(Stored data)
------------
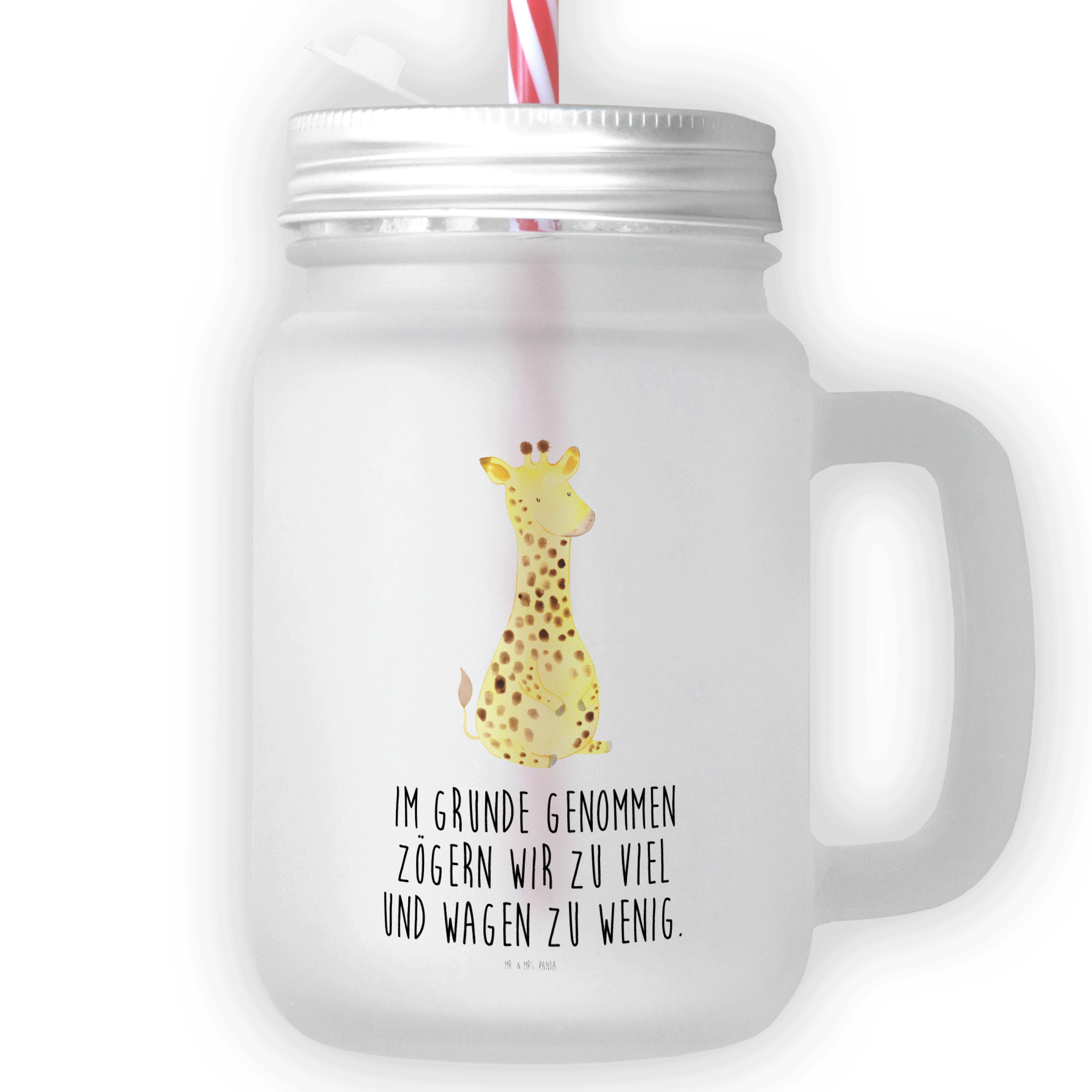 Entdecke das Zauberhafte im Alltäglichen mit dem Trinkglas Mason Jar von Mr. & Mrs. Panda. Dieses hochwertige Glas, mit einer edlen, matten Oberfläche und satiniertem dickwandigen Premiumglas gefertigt, bringt Freude in jeden Schluck. Mit den Maßen von 130 mm x 80 mm und einem Durchmesser von 80 mm, gepaart mit einem Gewicht von 415 g, liegt es perfekt in der Hand. Der silberfarbene Metalldeckel mit Schraubverschluss und ein gestreifter Mehrweg-Trinkhalm aus Kunststoff machen es zum idealen Begleiter für alle Sommerpartys. Ob für Cocktails, frisch gepresste Limonaden oder kühle Eistees – jedes Getränk wird durch das liebliche Design von Mr. & Mrs. Panda mit Sprüchen und niedlichen Motiven besonders hervorgehoben. Die Kombination aus Funktionalität und Design macht es zum Must-Have für alle, die das Besondere lieben und Wert auf Details legen.
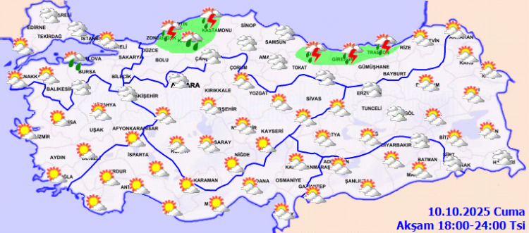 Meteoroloji Genel Müdürlüğü tarafından yapılan tahminlere göre, yurdun genelinin parçalı yer yer çok bulutlu, Batı Karadeniz(Bolu hariç), Orta ve Doğu kıyıları ile Sakarya’nın kıyı kesimleri, Artvin ve Ardahan çevrelerinin sağanak ve yer yer gök gürültülü sağanak yağışlı geçeceği tahmin ediliyor. Yağışların, Düzce’nin kıyı kesimleri ile Zonguldak ve Bartın çevrelerinde yerel kuvvetli olması bekleniyor.
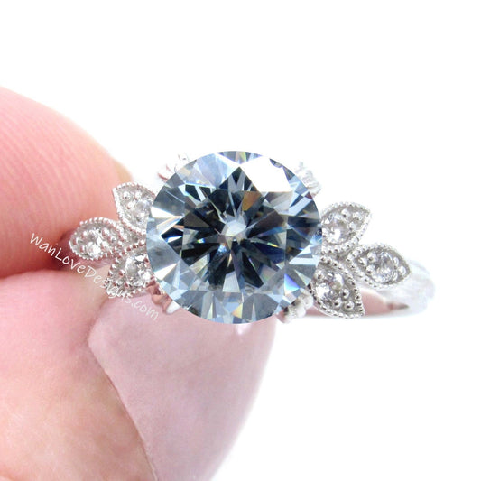 Round cut Grey Moissanite Diamond Milgrain Leaf Engagement Ring Nature Antique leaf Wedding ring Vintag Ring wedding bridal antique ring
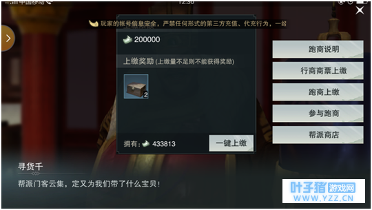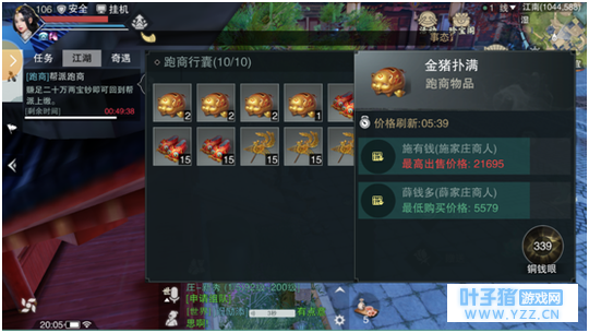 为出帮后,严州鼓-十二连环坞—雪卢书院--施家庄-郑怀山庄-施家庄(打底27W宝钞上限不定的一条跑商线) 一般跑完了也就15分钟不到(用轻功可以减少时间) 一般跑商商品左上角写着值这个字的,大多数商人收购价都不会很低(商人级3级有个技能铜钱眼可以看到最低收购价(也就是亏本价)别去那里卖就好) 刚开始跑商如何买商品 以下是商品优先级 商品价格高并且带有值字(红货)>商品价格高无值字(半红货)>商品中等价格带有值字)(中等普货)>商品中等价格货(普货)>商品价格低值钱货>商品价格低但是没值字 总之(选价格高的买先不会亏) 下面我们开始跑商 严州鼓(火腿必买) 十二连环坞(江屯必买) 雪卢书院(砚台必买) 施家庄(金猪铺满)
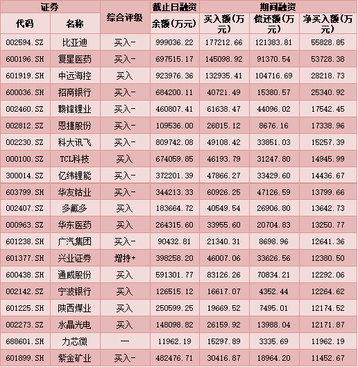 七、6月28日融資凈買入股TOP20
------------
● **Activity**
All entries above should be returned exactly, apart from their pictures.

● **Solution for this task**
 Entdecke das Zauberhafte im Alltäglichen mit dem Trinkglas Mason Jar von Mr. & Mrs. Panda. Dieses hochwertige Glas, mit einer edlen, matten Oberfläche und satiniertem dickwandigen Premiumglas gefertigt, bringt Freude in jeden Schluck. Mit den Maßen von 130 mm x 80 mm und einem Durchmesser von 80 mm, gepaart mit einem Gewicht von 415 g, liegt es perfekt in der Hand. Der silberfarbene Metalldeckel mit Schraubverschluss und ein gestreifter Mehrweg-Trinkhalm aus Kunststoff machen es zum idealen Begleiter für alle Sommerpartys. Ob für Cocktails, frisch gepresste Limonaden oder kühle Eistees – jedes Getränk wird durch das liebliche Design von Mr. & Mrs. Panda mit Sprüchen und niedlichen Motiven besonders hervorgehoben. Die Kombination aus Funktionalität und Design macht es zum Must-Have für alle, die das Besondere lieben und Wert auf Details legen.
 Meteoroloji Genel Müdürlüğü tarafından yapılan tahminlere göre, yurdun genelinin parçalı yer yer çok bulutlu, Batı Karadeniz(Bolu hariç), Orta ve Doğu kıyıları ile Sakarya’nın kıyı kesimleri, Artvin ve Ardahan çevrelerinin sağanak ve yer yer gök gürültülü sağanak yağışlı geçeceği tahmin ediliyor. Yağışların, Düzce’nin kıyı kesimleri ile Zonguldak ve Bartın çevrelerinde yerel kuvvetli olması bekleniyor.
 Round cut Grey Moissanite Diamond Milgrain Leaf Engagement Ring Nature Antique leaf Wedding ring Vintag Ring wedding bridal antique ring
 为出帮后,严州鼓-十二连环坞—雪卢书院--施家庄-郑怀山庄-施家庄(打底27W宝钞上限不定的一条跑商线) 一般跑完了也就15分钟不到(用轻功可以减少时间) 一般跑商商品左上角写着值这个字的,大多数商人收购价都不会很低(商人级3级有个技能铜钱眼可以看到最低收购价(也就是亏本价)别去那里卖就好) 刚开始跑商如何买商品 以下是商品优先级 商品价格高并且带有值字(红货)>商品价格高无值字(半红货)>商品中等价格带有值字)(中等普货)>商品中等价格货(普货)>商品价格低值钱货>商品价格低但是没值字 总之(选价格高的买先不会亏) 下面我们开始跑商 严州鼓(火腿必买) 十二连环坞(江屯必买) 雪卢书院(砚台必买) 施家庄(金猪铺满)
 七、6月28日融資凈買入股TOP20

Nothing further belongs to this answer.